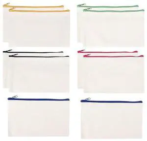 12 Pack Blank Canvas Makeup Bag,Bulk Cosmetic Bags With Multi-Color Zipper,Canvas Zipper Pencil Case Pouch,DIY Craft
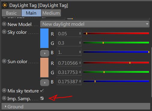 I select the beauty passes ( diffuse direct, indirect, reflexion direct, indirect, transmission, refraction, shadow .. 2/ I select the ambient light direct indirect, sun direct, indirect 3/ I set the render buffer to float(linear) as recommended by andrey lebrov 4/ In the sun settings, I enable the “imp sample”, as recommended in octane's manual, for the shadow ( although i'm not sure how to use the shadow pass ) :
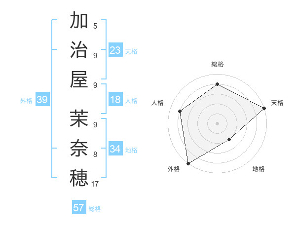 加治屋 茉奈穂さんを姓名の画数から五運を鑑定
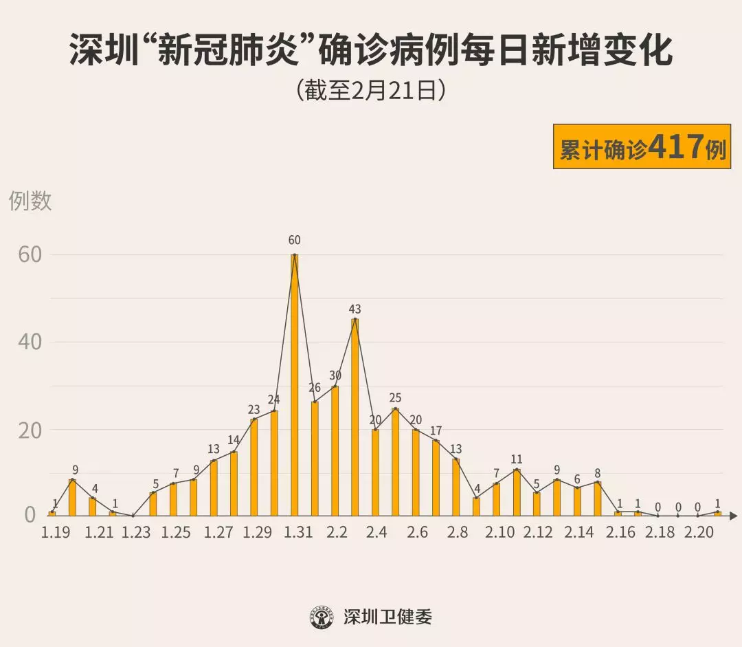 截至2月21日24时,深圳累计报告“新冠肺炎”确诊病例417例。2月21日当天全市新增确诊病例1例(个案详情今晚公布)。
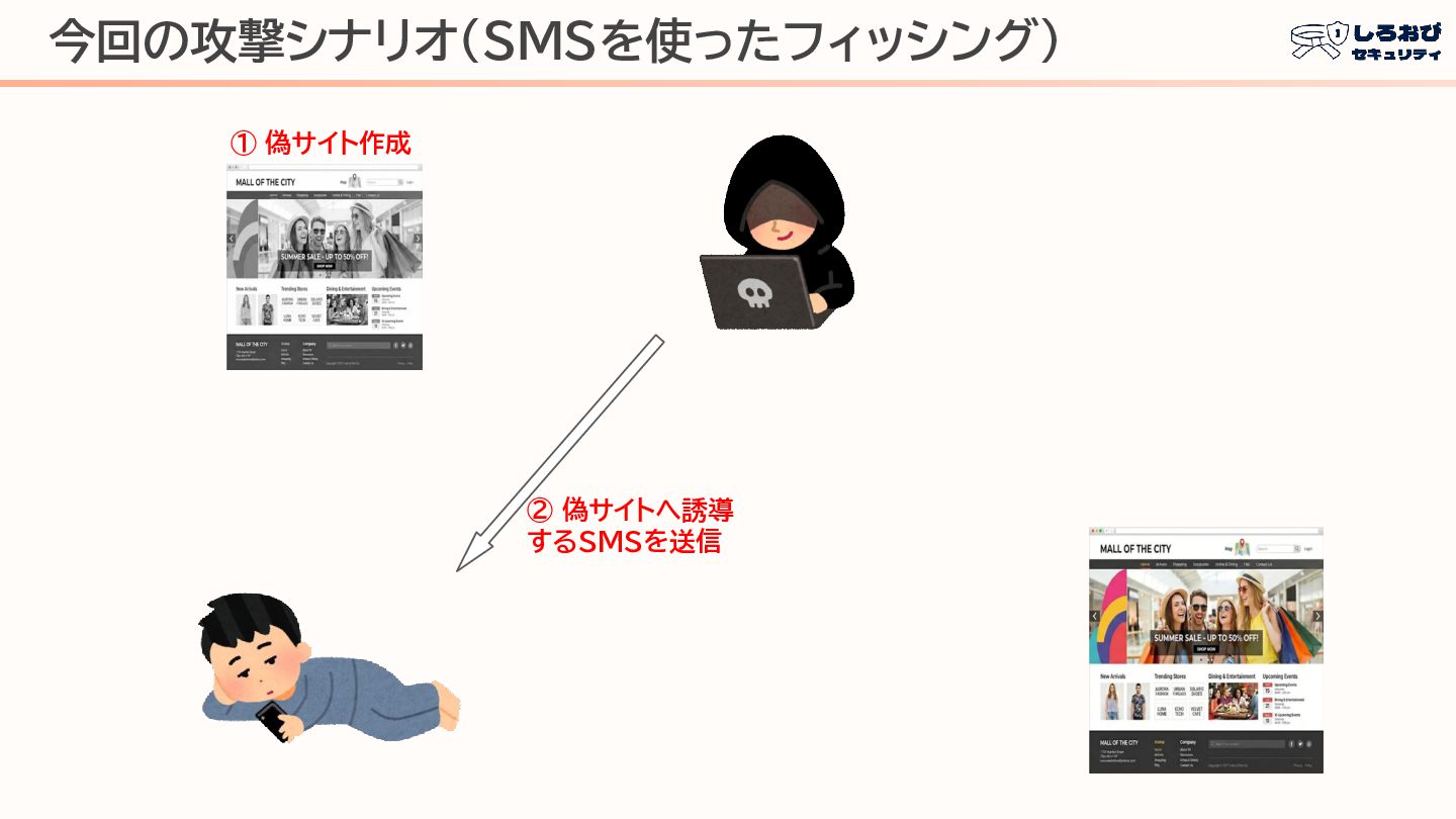 今回の攻撃シナリオ(SMSを使ったフィッシング) ① 偽サイト作成 ② 偽サイトへ誘導 するSMSを送信
--------
Each of the lines above should be transcribed exactly; no image is to be copied.

*Solution for this task*
 12 Pack Blank Canvas Makeup Bag,Bulk Cosmetic Bags With Multi-Color Zipper,Canvas Zipper Pencil Case Pouch,DIY Craft
 I select the beauty passes ( diffuse direct, indirect, reflexion direct, indirect, transmission, refraction, shadow .. 2/ I select the ambient light direct indirect, sun direct, indirect 3/ I set the render buffer to float(linear) as recommended by andrey lebrov 4/ In the sun settings, I enable the “imp sample”, as recommended in octane's manual, for the shadow ( although i'm not sure how to use the shadow pass ) :
 加治屋 茉奈穂さんを姓名の画数から五運を鑑定
 截至2月21日24时,深圳累计报告“新冠肺炎”确诊病例417例。2月21日当天全市新增确诊病例1例(个案详情今晚公布)。
 今回の攻撃シナリオ(SMSを使ったフィッシング) ① 偽サイト作成 ② 偽サイトへ誘導 するSMSを送信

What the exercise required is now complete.